Introduction to Neoplasia

Neoplasia literally means "new growth." A neoplasm is a clonal expansion of cells that have undergone neoplastic transformation — an irreversible alteration in their genetic programme that allows them to proliferate in an abnormal, unregulated manner. It is important to distinguish neoplasia from the related terms tumour and cancer. A tumour simply means a swelling and is not synonymous with neoplasia. Cancer is a subgroup of neoplasia — specifically, malignant neoplasia. Not all neoplasms are cancers.

A neoplasm can be initiated by a chemical, physical, or biological agent (or event) that directly and irreversibly alters the cell genome. Examples include carcinogenic chemicals in tobacco smoke, ionising radiation, and oncogenic viruses such as human papillomavirus (HPV). The altered cells escape normal regulatory mechanisms governing proliferation, differentiation, and death.

A critical concept in the microscopic assessment of neoplastic tissue is dysplasia, which means abnormal growth. Dysplastic cells display characteristic features when examined histologically — most notably nuclear pleomorphism, meaning that nuclei within the tissue appear in multiple different sizes and shapes. Other features of cellular dysplasia include increased nuclear-to-cytoplasmic ratio, abnormal mitotic figures, and loss of normal tissue architecture.

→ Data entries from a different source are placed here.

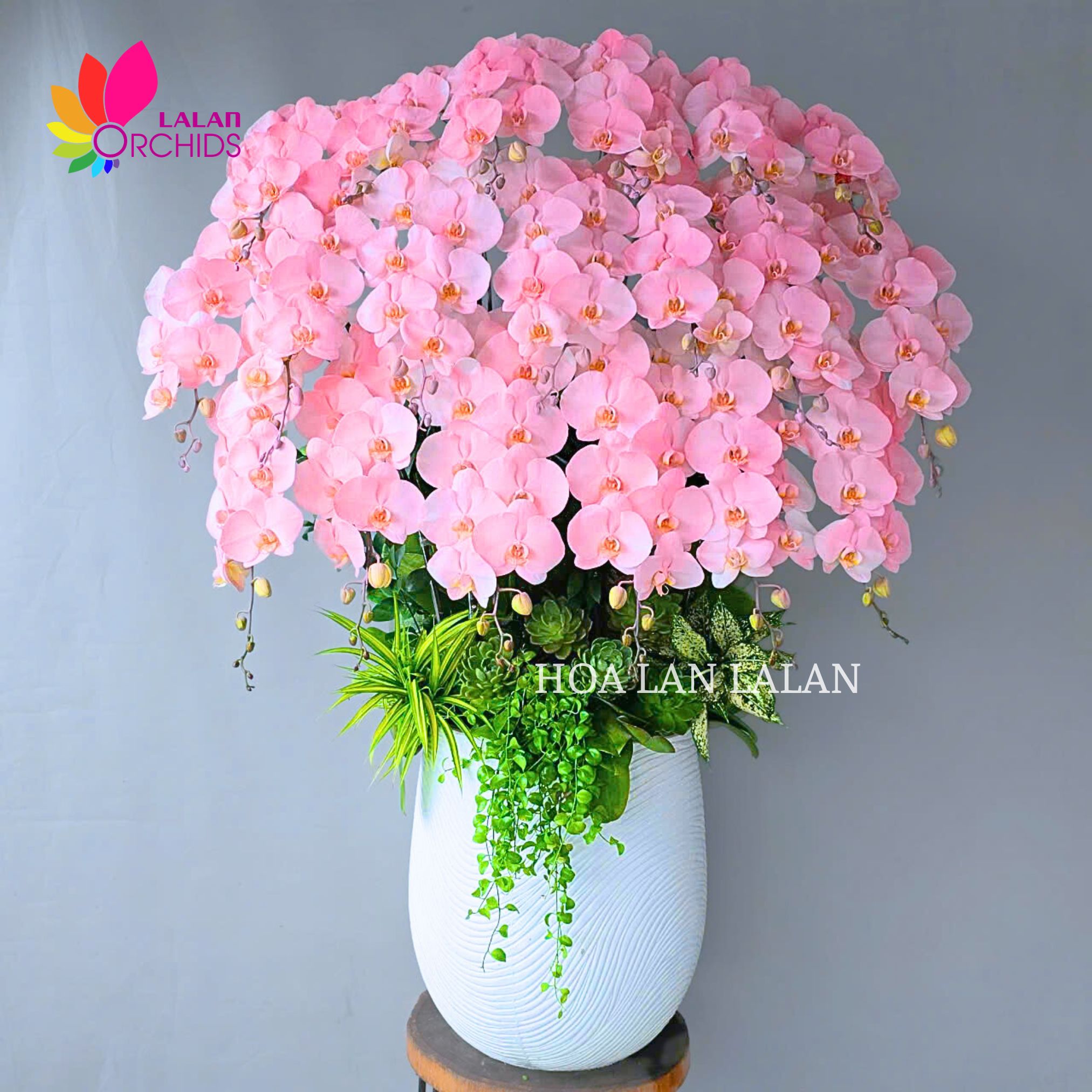 Lan hồ điệp hồng nổi bật với sắc hoa nhẹ nhàng, tinh khiết, được sắp xếp dày và đều, tạo thành một khối hoa lớn mềm mại, mang lại cảm giác tròn đầy và hài hòa. Những cánh hoa lan hồ điệp hồng phấn bung nở đồng loạt, xếp tầng khéo léo, giúp tổng thể chậu lan trở nên sang trọng nhưng vẫn giữ được nét dịu dàng, thanh lịch.
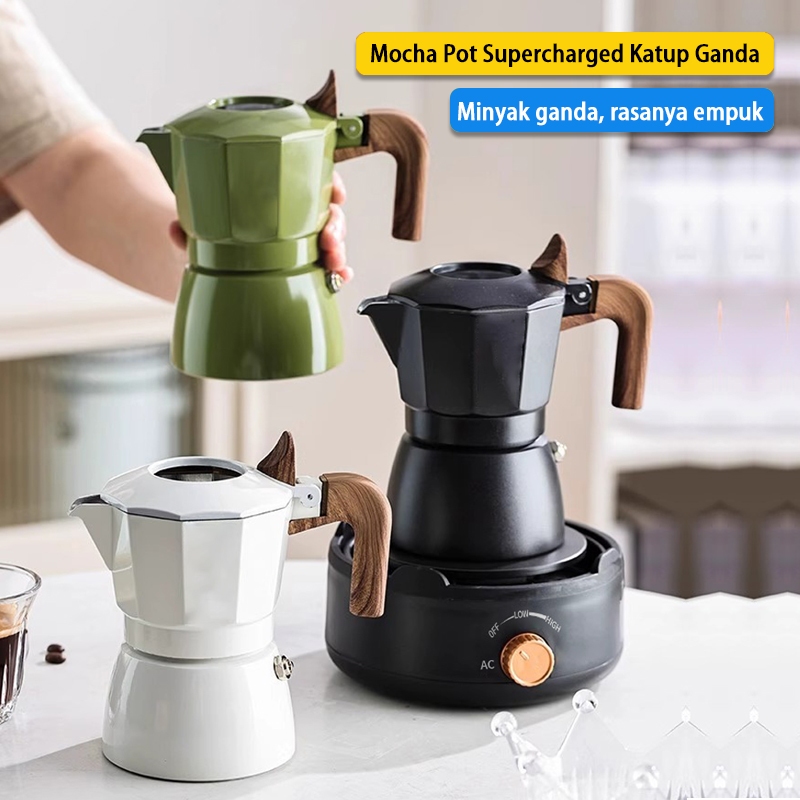 Mocha Pot Espresso Double Valve Moca Pot Tungku Listrik Set Supercharged Katup Ganda Coffee Pot Teko Kopi Mocca Pot 100m
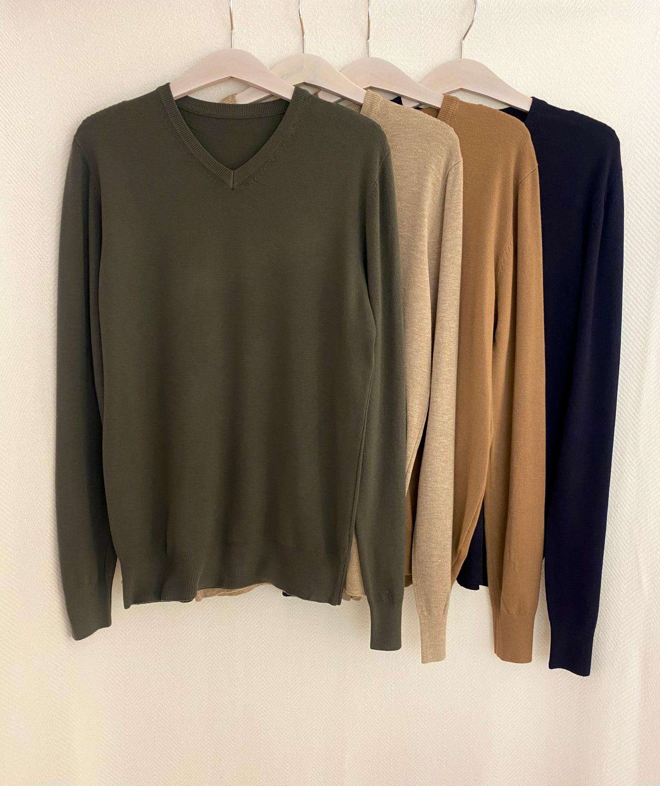 Jersey punto fino con cuello en pico. Tacto suave y agradable. Disponible en cuatro colores.
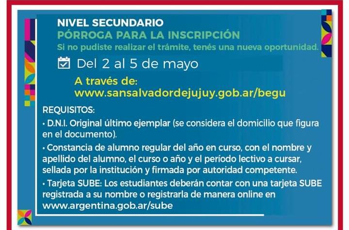 La Municipalidad de San Salvador de Jujuy prorrogó desde el martes 2 de hasta el viernes 5 de mayo la...
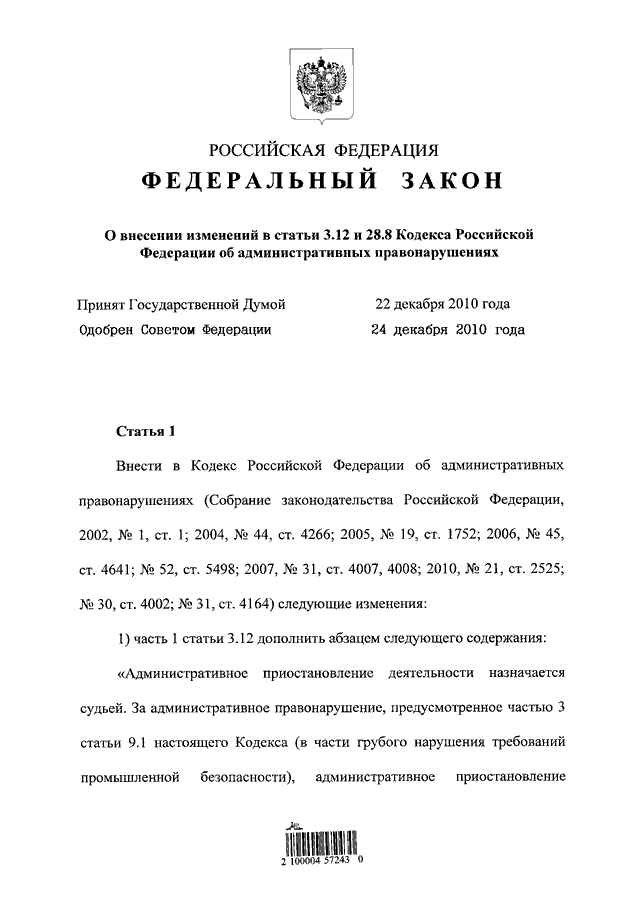 "О ВНЕСЕНИИ ИЗМЕНЕНИЙ В СТАТЬИ 3.12 И 28.8 КОДЕКСА РОССИЙСКОЙ ФЕДЕРАЦИИ ОБ АДМИНИСТРАТИВНЫХ ПРАВОНАРУШЕНИЯХ"

Neoplasms are broadly classified according to two axes: the type of cell of origin and the biological behaviour (benign versus malignant). Tumours originating from mesenchymal tissues (connective tissue, bone, muscle, fat) follow a particular naming convention: benign mesenchymal tumours are named using the suffix -oma (e.g. fibroma, lipoma, osteoma), while malignant mesenchymal tumours are called sarcomas (e.g. fibrosarcoma, osteosarcoma). Tumours originating from epithelial tissues follow a different convention: benign epithelial tumours are called adenomas, while malignant epithelial tumours are called carcinomas. A malignant epithelial tumour with gland-forming morphology is an adenocarcinoma. Important exceptions to these naming rules exist: melanoma and lymphoma are both malignant despite the -oma suffix, and teratoma (derived from pluripotent stem cells) can be either benign or malignant.

Benign neoplasms expand locally without invading surrounding normal tissues and do not — as a rule — metastasise. However, this does not mean they are clinically insignificant. A benign tumour may cause serious problems by virtue of its location, size, or secretory activity. A pituitary adenoma, for example, may cause clinical disease by compressing the adjacent pituitary gland, disrupting normal hormone secretion.

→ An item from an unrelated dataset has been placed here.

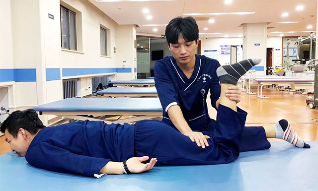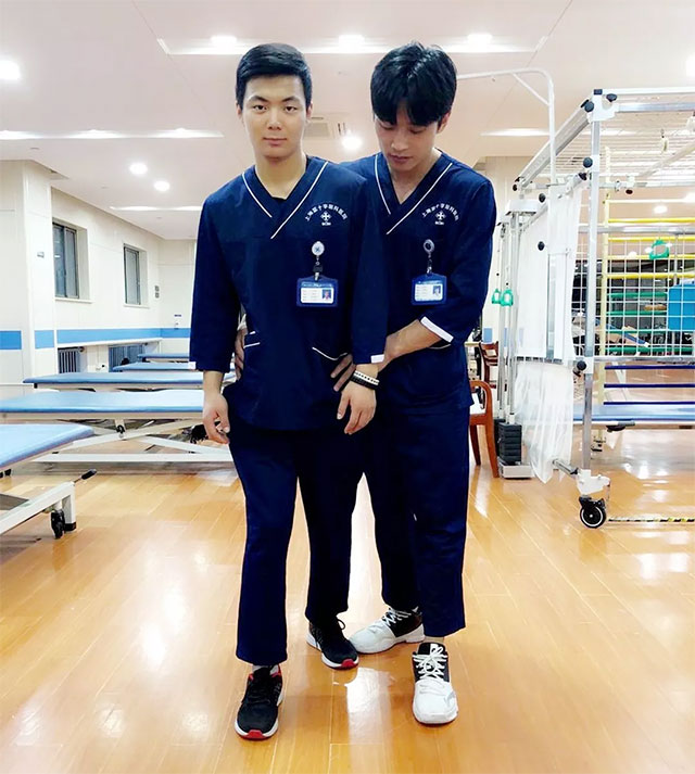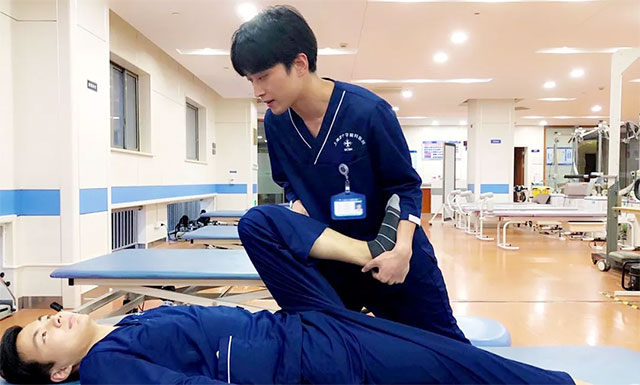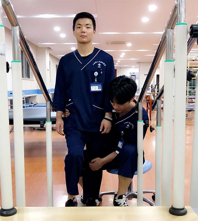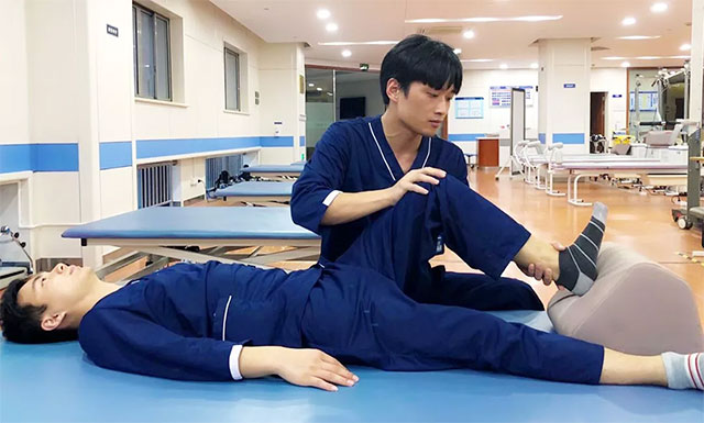 下列图片中,上海蓝十字脑科医院神经康复医学科康复团队模拟演示brunnstrom疗法。
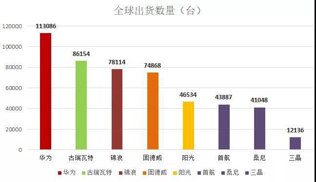 下圖可見,華為、古瑞瓦特、錦浪、固德威位列出貨量第一梯隊,逆變器出貨數(shù)量均超過了7萬臺。

Malignant neoplasms, by contrast, invade surrounding tissues and have the capacity to metastasise — to spread to distant organs via the lymphatic system or bloodstream — establishing secondary tumours at sites remote from the primary. This invasive and metastatic capacity is the defining biological feature of malignancy.

Some tumours — both benign and malignant — produce biologically active substances, including hormones. When a tumour produces systemic effects remote from the primary lesion itself, these are called paraneoplastic syndromes. One particularly important paraneoplastic manifestation is cachexia — a multi-organ syndrome of systemic inflammation and negative energy balance. Cachexia is driven by cytokines, including tumour necrosis factor (TNF) and interleukin-1 (IL-1), produced both by the tumour itself and by the host's immune response to it.

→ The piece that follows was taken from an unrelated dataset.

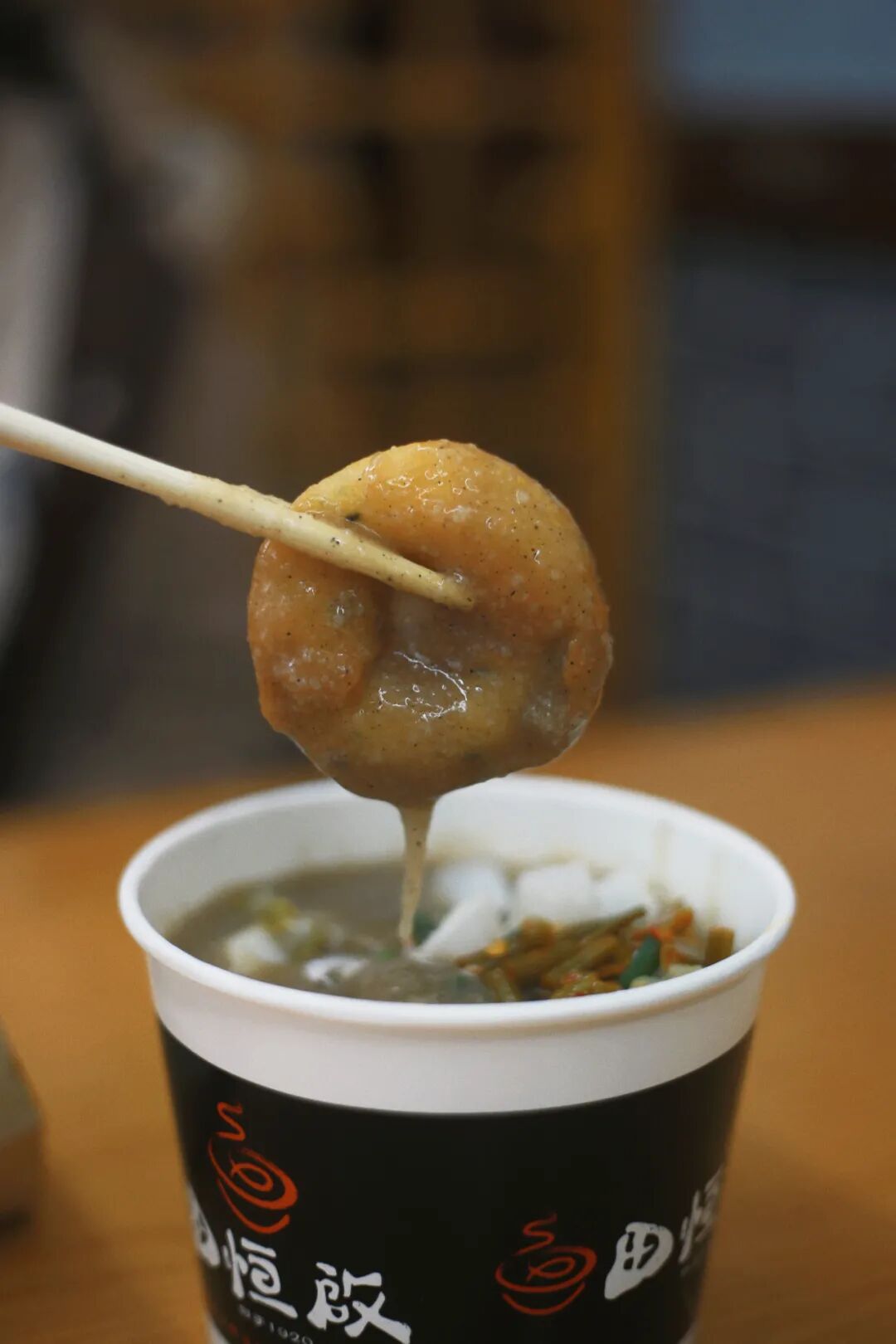 想感受武汉热热闹闹的过早氛围,想毫不费力的一次吃到各种武汉小吃,来这家准没错。坐落在胜利街的三镇民生甜食馆总店,从1957年开始就是当地人的大食堂,到现在还需要先兑换筹码,再到窗口购买所需要的点心,是国营商店传承下来的营业模式,有种穿越一般的年代感和仪式感。阿球是吃了其他小吃才来的这里,只尝试了桂花糊米酒和蛋酒。桂花糊米酒,是汤圆粉加糯米酒做的,黑色的是桂花糖,里面还有一整条软糯的糯米粉条,酒香伴着米香,回味无穷。店里的气氛格外热闹,随便问上几个当地人,都能给你来些不同的推荐。

Staging is used to describe the extent of spread of a malignant tumour and has critical prognostic and therapeutic implications. Stage 0 indicates no spread beyond the site of origin; Stage 1 indicates the tumour is confined to the organ or tissue of origin; Stage 4 indicates distant metastases are already present in another organ. The staging system is tumour-specific and varies by cancer type.